32 Analysis of Various Routing Protocol for VANET

319

How Shortest Path Calculation Processed By Real-Time Information Model • • • •

The grid algorithm is counting the least route. It is the beginning and destination. Then this includes factors that affect the shortest route. This get the shortest way in real-time information models that are more suitable for the user.

3 Result with Simulation The proposed studies include the A* algorithm and the better TEEN algorithm. This matches MATLAB, and the results are displayed in both graph and numeric format. TEEN • TEEN (threshold sensitivity energy efficient sensor network protocol) is for passive networks. • The TEEN protocol is for a simple sensing application. • Energy-saving protocol compared to traditional sensor network protocol. Functioning As each cluster changes, each node cluster becomes a CH interval, and in addition to the attributes, the cluster head distributes its members strictly and flexibly. A* star process Render the way from a closed list After all, repeatedly, and once the goal is achieved, the practice begins with the purpose of restart. This is usually done by the bug through a closed list starting with the node’s parent and the first node’s parent.

4 Simulation and Result The number at the top indicates the data displayed after running MATLAB. Note that the minimum path data result is the result, but it is just a ramp unit. There are many graphical user interfaces. This is only a small part of the real time and is automatically executed in the selected area. It is a circular robot that represents a separate car throughout the day, but reduces simulation time. But the ultimate goal is to automatically add key features to automation in a minimal amount of way (Figs. 1, 2, 3, 4, 5 and 6).

320

A. Bhati and P. K. Singh

Fig. 1 Main GUI of proposed work

5 Comparison See Table 1.

6 Conclusion and Future Work In our research, all constraints were fixed. It provided a road to traffic and speed obstacles. This method can be used as a reference when planning a city plan. By monitoring the construction of roads near these buildings (schools, hospitals, traffic lights, residential areas), you can reduce the risk of traffic congestion. For researchers and students of biochemistry and computer science, how to apply the features of our application will be helpful in their work similarities and learning. In addition, our applications are very useful for people interested in technologies and tools, such as GII, traffic analysis, web development, and various technologies and tools in the application. As described in the application, there are some issues that need further investigation and resolution. We need an improved algorithm to speed up long reaction times. In the future, we hope to maintain the application plan regularly, improve the procedure, and make our research available to the public in the future.

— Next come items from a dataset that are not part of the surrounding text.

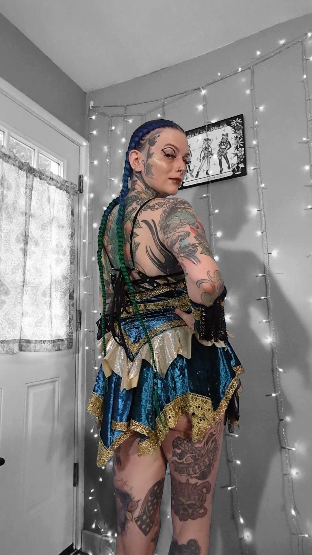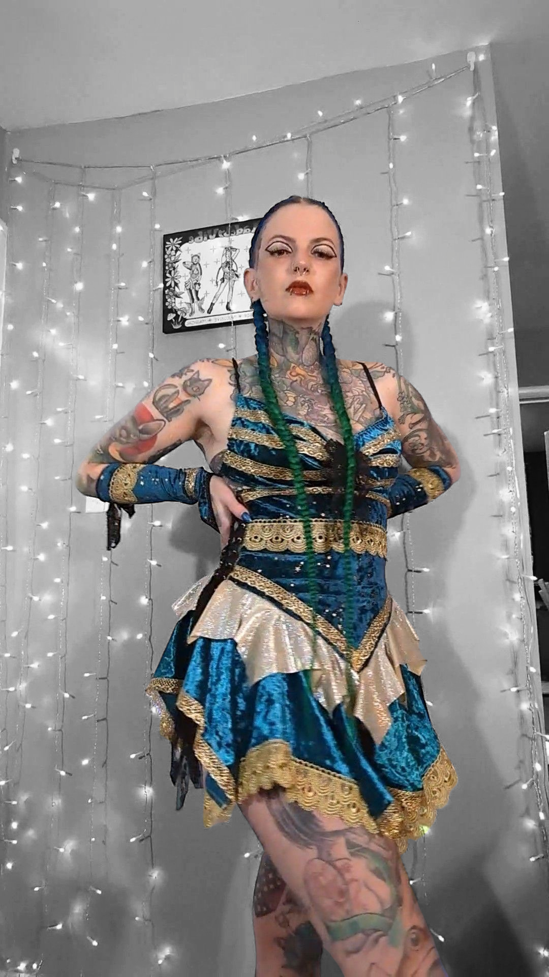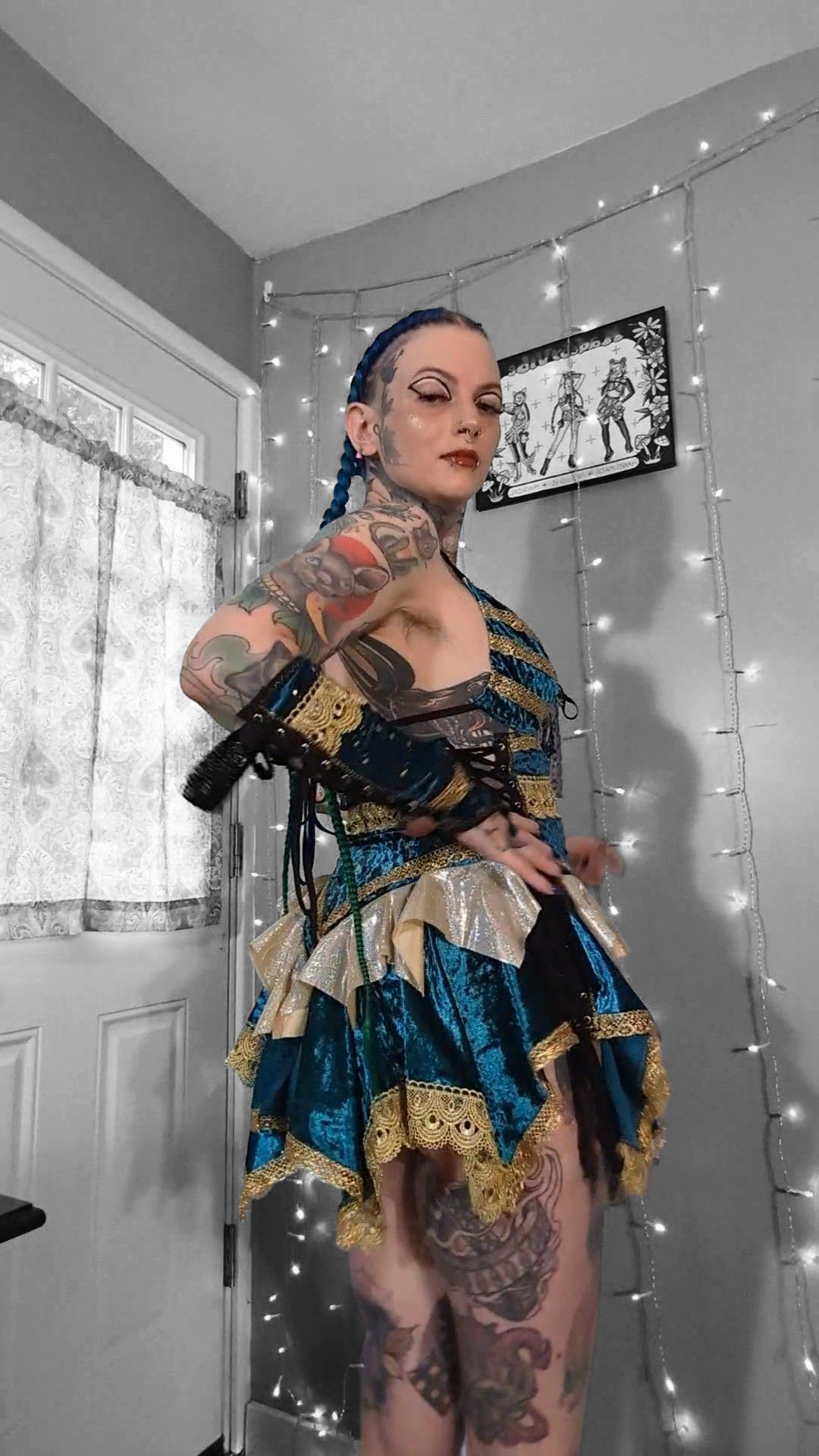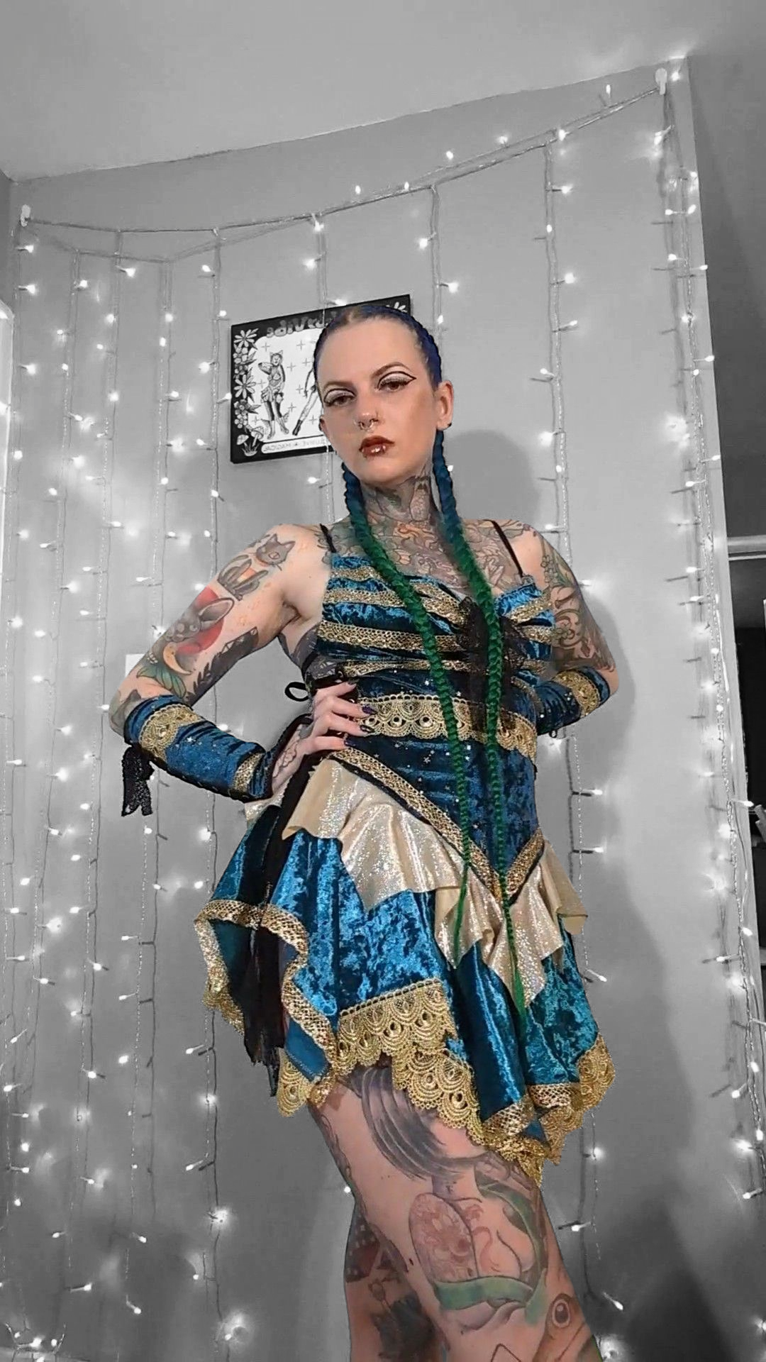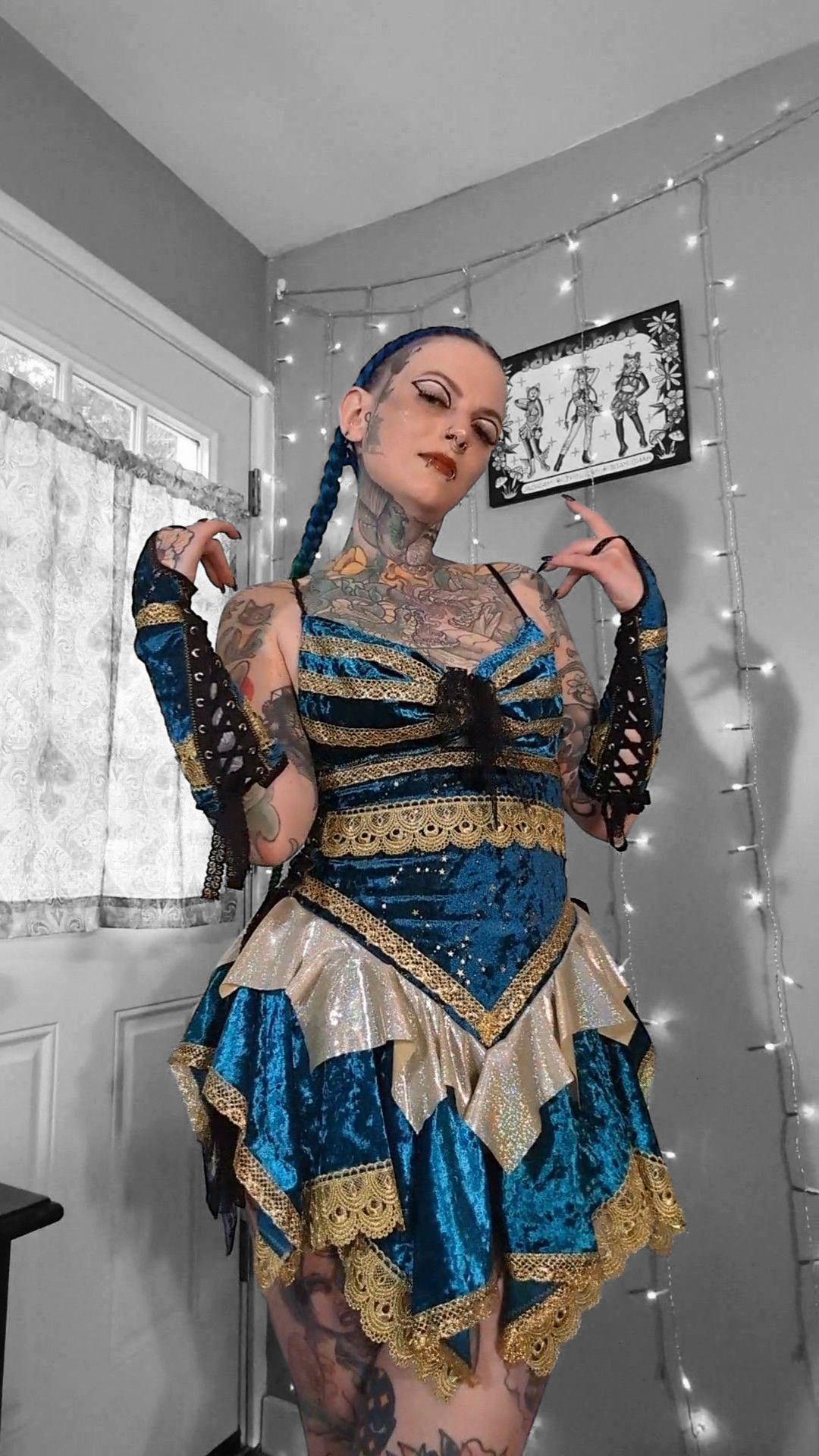 Inspired by the Greek goddess of sight Theia, this gorgeous one-of-a-kind dress features blue velvet fabric & elegant gold accents. Handmade by me!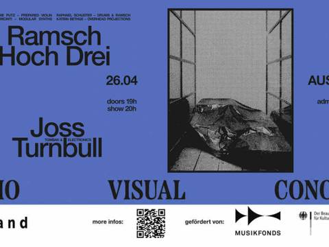 An diesem Abend findet ein Doppelkonzert mit RAMSCH^3 und Joss Turnbull statt. RAMSCH^3 ist ein audiovisuelles Konzertformat, das Kommunikationsformen zwischen Schlagzeug/Objekten, modularen Synthesizern, präparierter Violine und Overhead-Projektionen... mehrzu: Ramsch³ (Ronja Sophie Putz / Raphael Schuster / Isabella Forciniti / Katrin Bethge) and Joss Turnbull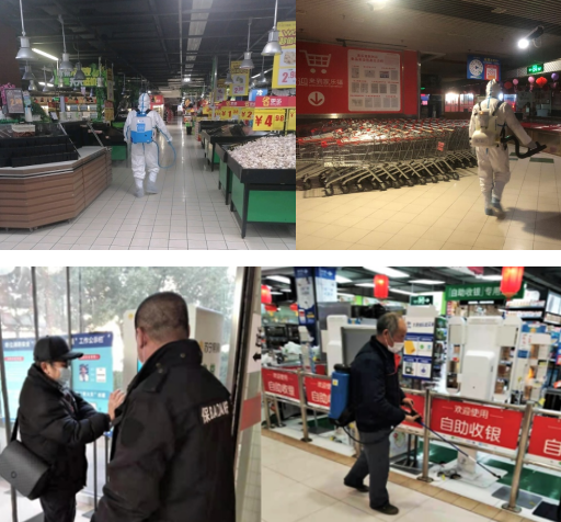 (圖:定時(shí)對(duì)賣場(chǎng)進(jìn)行消毒殺菌 家樂福工作人員堅(jiān)守一線)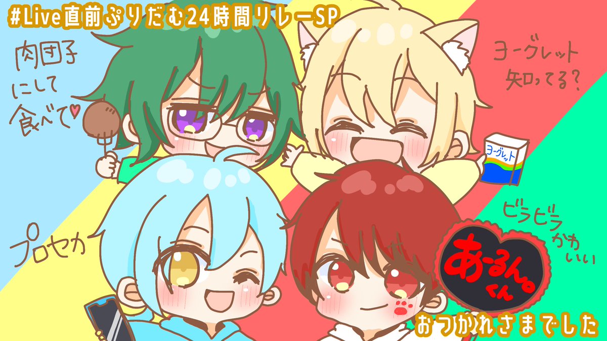 ぷりだむ24時間リレーお疲れ様でした! どの枠もとっても楽しかったです♪ ひまそあコラボが神回でした🤣 楽しい時間をありがとう! #Live直前ぷりだむ24時間リレーSP #ぷりだぁと #そあらーと #ぽちっとあーと #あーるんのいらしゅと #ひのずかん
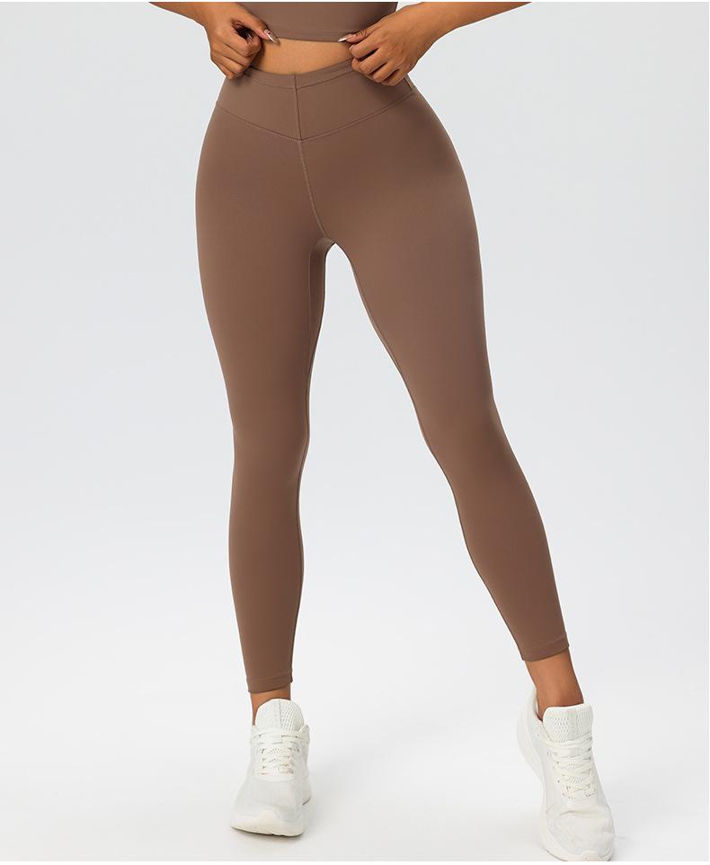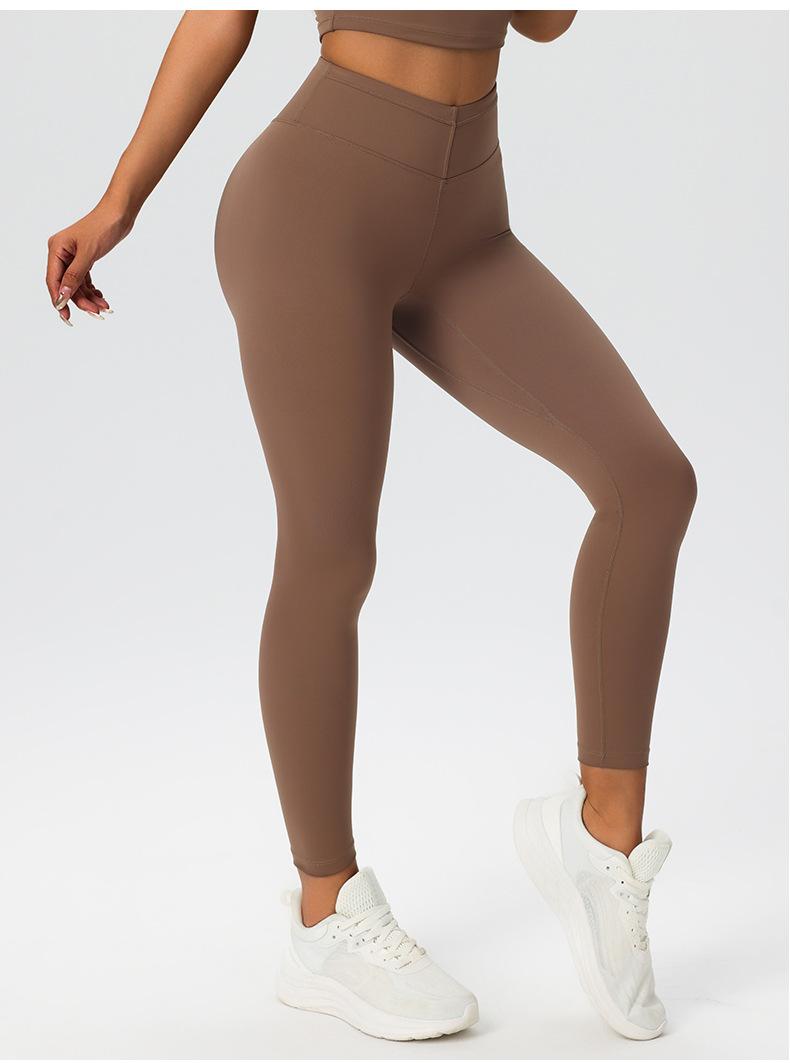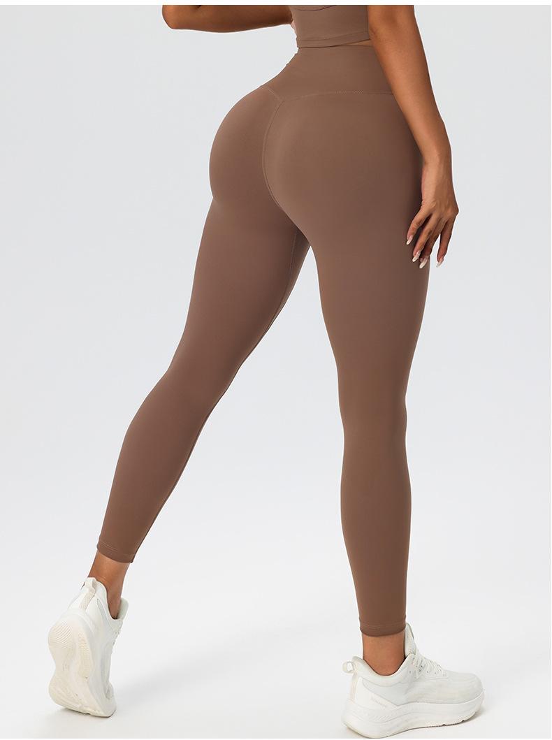 Pantalones de yoga de cintura alta para mujer, ajustados, de color melocotón, de estilo europeo y americano, de secado rápido, para correr y yoga.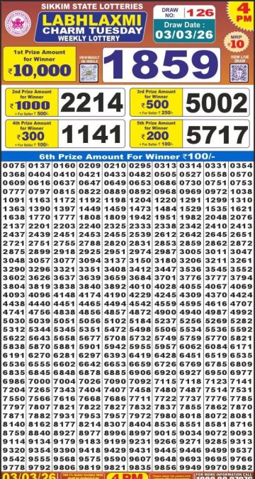 Labh Laxmi Charm Tuesday Weekly Lottery 4pm Result 03-03-26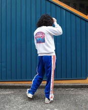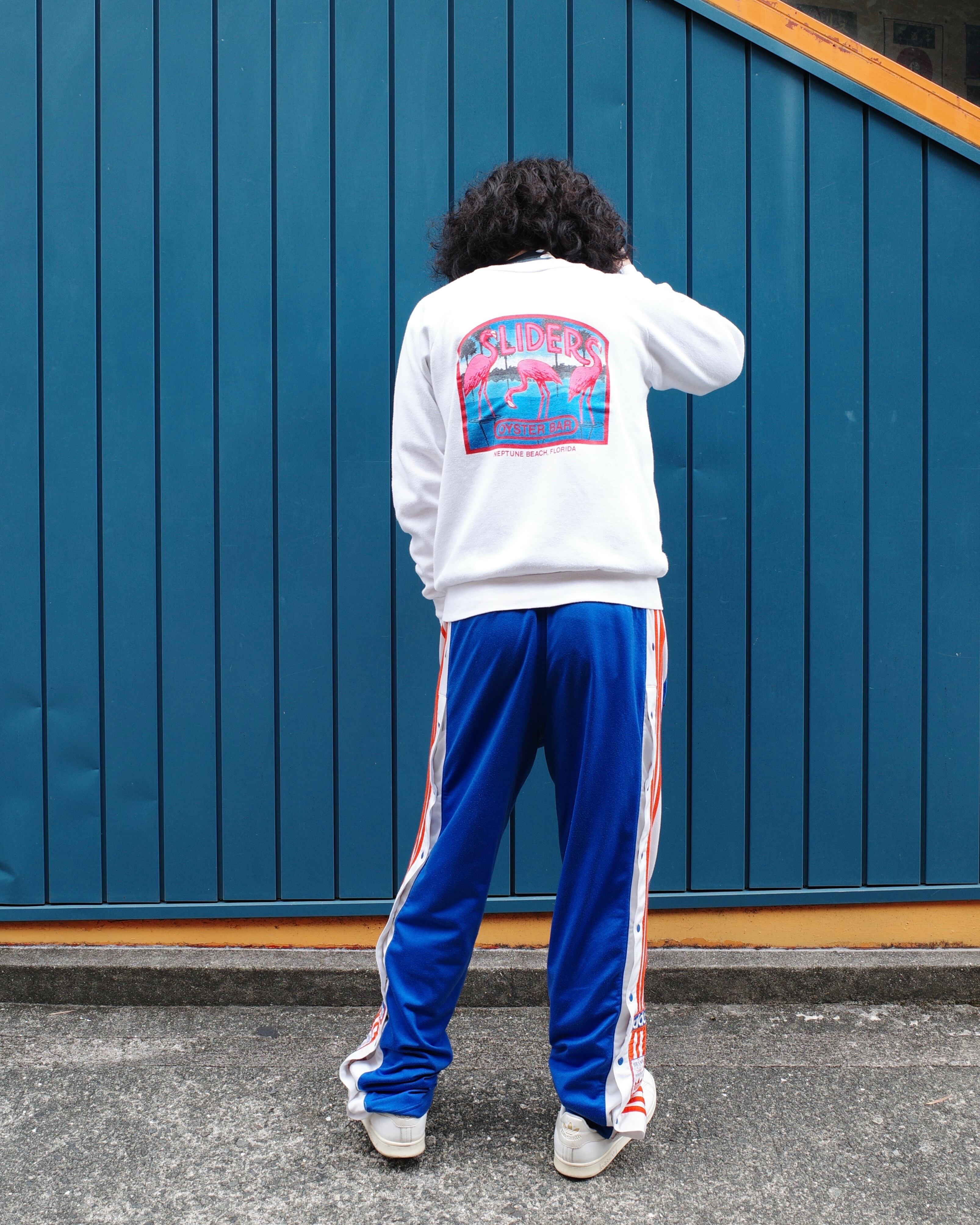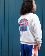 フロントはワンポイントでフラミンゴ、バックには鮮やかなピンクとブルーのフラミンゴプリントが大きく入る存在感あるデザインのスウェットシャツ。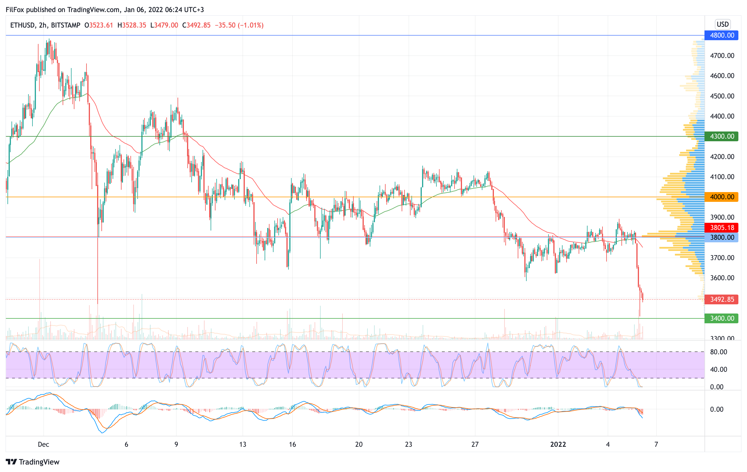Ночью цена эфира упала к зелёной поддержке 3400.00 USD, установив минимум в районе отметки 3410.00 USD. Несмотря на небольшой отскок, полагаем, что сегодня пара протестирует уровень 3400.00 USD и замедлит снижение в боковом диапазоне с нижней границей в виде зелёной поддержки.

32 Analysis of Various Routing Protocol for VANET

321

Fig. 2 Calculation of shortest path for VANET

All testing was done in an artificial environment. This interface has only been tested on laptops, i-phones, and i-pads, and not on other mobile systems. The following results were obtained from the tests shown in the results. The number of obstacles for both factors and the weight of each obstacle affect the result of the shortest time. The obstacles in our research show how they drive cars, and although this provides less time for each other, actual traffic is more complicated than analyzing our research. In addition to these factors, other factors in our study are also important in terms of traffic and speed, but are difficult to apply to applications, for example, the number of vehicles and pedestrians. In fact, the root cause of road traffic is the result of lively behavior and interaction among many road users. In fact, it is impossible to calculate how many people or cars are driving on the street, it is difficult to collect dynamic data, and the main factor of traffic is because time and weather are different. But before that it may be difficult to estimate. In fact, it is impossible to find a method in the shortest time. This introduced a new approach of finding effective ways based on plant considerations. With large amounts of local data, researchers can more accurately select factors and weighting factors to better prevent results and make results more appropriate.

322

A. Bhati and P. K. Singh

Fig. 3 After the completion of shortest path (A result in shorted path in pop up box)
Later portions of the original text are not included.